Biofílica sent a timeline of events to Quantum that also mentions the 2006 land block in Pará and subsequent events as key factors.
"The Saracura Farm has been classified as a private area since 1856, having been acquired by the Jari Group in 1948," said Biofílica.
"The Jari Group has held possession of the Saracura Farm area for more than 70 years and, in 2014, the activities of the Jari Pará REDD+ Project began, one of the largest conservation projects in the Amazon."
A source said the Jari Group is in the process of resolving the land issues with ITERPA.
"We emphasise that the Jari Group holds possession of the area named Saracura Farm, which meets the requirement of "legal right to control and operate the activities of the project", meeting the land requirement to implement a carbon project by Verra," the developer also says.

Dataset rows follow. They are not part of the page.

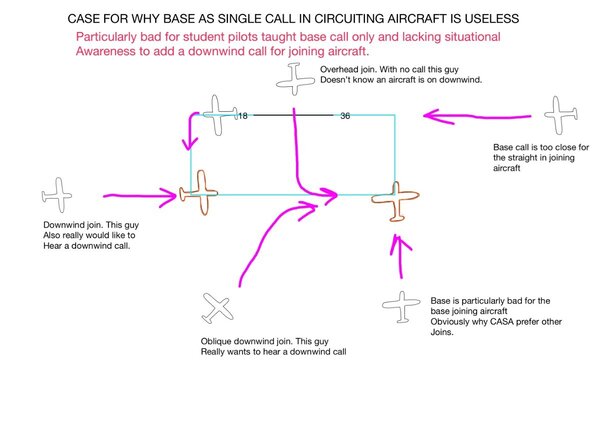 I’ve made up a diagram to make it simple. And…. I’m going to make contact with CASA to discuss. If anyone has a good contact within CASA I’d appreciate a PM Note… if I’m conducting circuits at an airport with a particular call such as base only I’ll just call my base because that is what is expected. I’ll call downwind if incoming aircraft. I’ll call final if I have a suspicion the taxiing aircraft that’s at runway departure might want to sneak out. I’ll call final if I’ve joined behind another aircraft that might be worried I’m too close so they can relax and concentrate on their landing. Rare occasions and subject to the number of calls I’m hearing in circuit. But…. If CASA had a recommended downwind call as single call it would make everyone’s life easier. Schools would become consistent. Calls around Australia would be more predictable when coming in to an unknown airfield. I started this thread with a degree of uncertainty due to my limited flying experience and some difficult encounters with a few indivividuals….. well… one individual. I’m now very certain. Some 750 hours flying in 2 countries and 7 years. The current radio call procedures are at some point going to cause some of us so,e really near misses or worse.
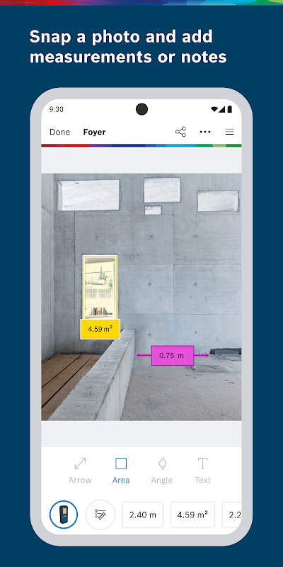Tüm bilgileri tek bir yere kaydedin: Bosch MeasureOn by Bosch Measuring Tools, kat planları, ölçümler, fotoğraflar ve notların yerinde kolay dokümantasyonu için uygulamanızdır.
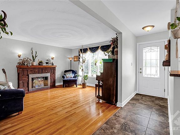 Cute as a button, this buttery-yellow bungalow with 4 spacious bedrooms is set on a landscaped corner lot in the heart of Perth. The welcoming front porch with the milk-chute still intact, opens into a spacious tiled foyer. The large eat-in kitchen is overflowing with cabinetry, including a built-in china cabinet. Stainless steel appliances include a gas range and new 3-tier dishwasher. The open LR boasts original hardwood floors, a decorative fireplace, & a beautiful bay window that fills the space with natural light. The bright lower level offers a massive family room with new berber carpet, built-in bookcase, stone fireplace, & a retro wet bar. Other features include a screened-in gazebo with an antique wood stove, & a single-car garage attached by a breezeway & mud room. Within walking distance to beautiful downtown heritage Perth where shopping, dining, recreation, Stewart Park & the Tay River await. Enjoy small-town charm with an easy commute to Carleton Place, Kanata, and Ottawa
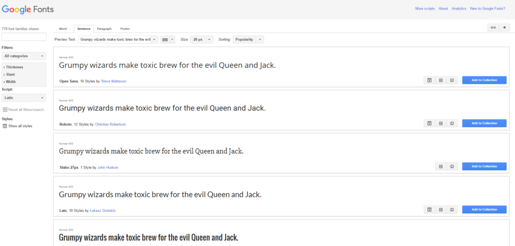 Шрифты Google бесплатны для использования и содержат более 1000 шрифтов на выбор.

"As also pointed out by a third-party auditor, the verification and validation (VVB) of the project, RINA, stated the documentation presented to the auditors is 'satisfactory' to demonstrate compliance with all Verra requirements."
Nevertheless, other sources claimed that the state's land issues run deep regardless of whether the government has an agenda behind the blockades.
Multiple project developers told Quantum that some regions in Pará are simply a no-go zone for them as they consider it "just a matter of time for problems with land titles to arise."
Meanwhile, a lawyer with experience in REDD+ projects in the Amazon, who did not wish to be named, told Quantum that some of the issues faced by the suspended projects are "classic cases" of land dispute in the region and should be a cautionary tale for those willing to invest in projects.
"If a judicial due diligence had been done prior to the project start... it would have been possible to verify that the land title was already suspended when the project started," said the lawyer about one of the projects named by Barreto on her accusation.
"The recommendation is to go deep into the analysis of judicial aspects of projects."
American in the Amazon
Michael Greene first arrived in Brazil in 2008, but he has returned to his home state of Michigan in the US over the last few years and says he is no longer interested in investing in new conservation projects because of low prices and alleged corruption in Brazil.
Zak Morioka, Jonas' son, said Greene was partly targetted because of his nationality.
"It's the perfect storyline to give to people: 'Hey, we have an American and he's trying to get by the city and buy everyone out,'" he said.
There is a rich history of US citizens either visiting or creating businesses in the Amazon.
In 1913-1914, former president Theodore Roosevelt and Brazilian explorer Cândido Rondon set up a pioneering expedition to follow the path of the Rio da Dúvida ("River of Doubt") - a tributary of the rio Aripuanã, itself a tributary of the Amazon - which was eventually renamed 'Rio Roosevelt'.
In the late 1920's, US car magnate Henry Ford tried to set up a massive rubber plantation on the east banks of the Tapajós river, in the state of Pará, which failed to take hold because of 'leaf blight', a pest that affects rubber trees, and other issues.
Daniel Ludwig followed in the 1970's and Morioka a decade later.
Several foreign carbon developers have told Quantum they are trying to keep a low profile for fear of being subject to the same treatment as Greene.
"Some developers are out to get Michael. He's a great guy when you know him, but he also rubs many people the wrong way," said a source at a large international firm.
"Fundamentally, he's done nothing wrong. The fact it's a public defender and not a local prosecutor handling the case tells you a lot."
Some observers, investors and politicians may mull the complexities and vagaries in setting up project-based REDD schemes in developing nations and try to mitigate them.
For others, Greene's story shows just how inappropriate the carbon market is for large-scale emission reduction projects.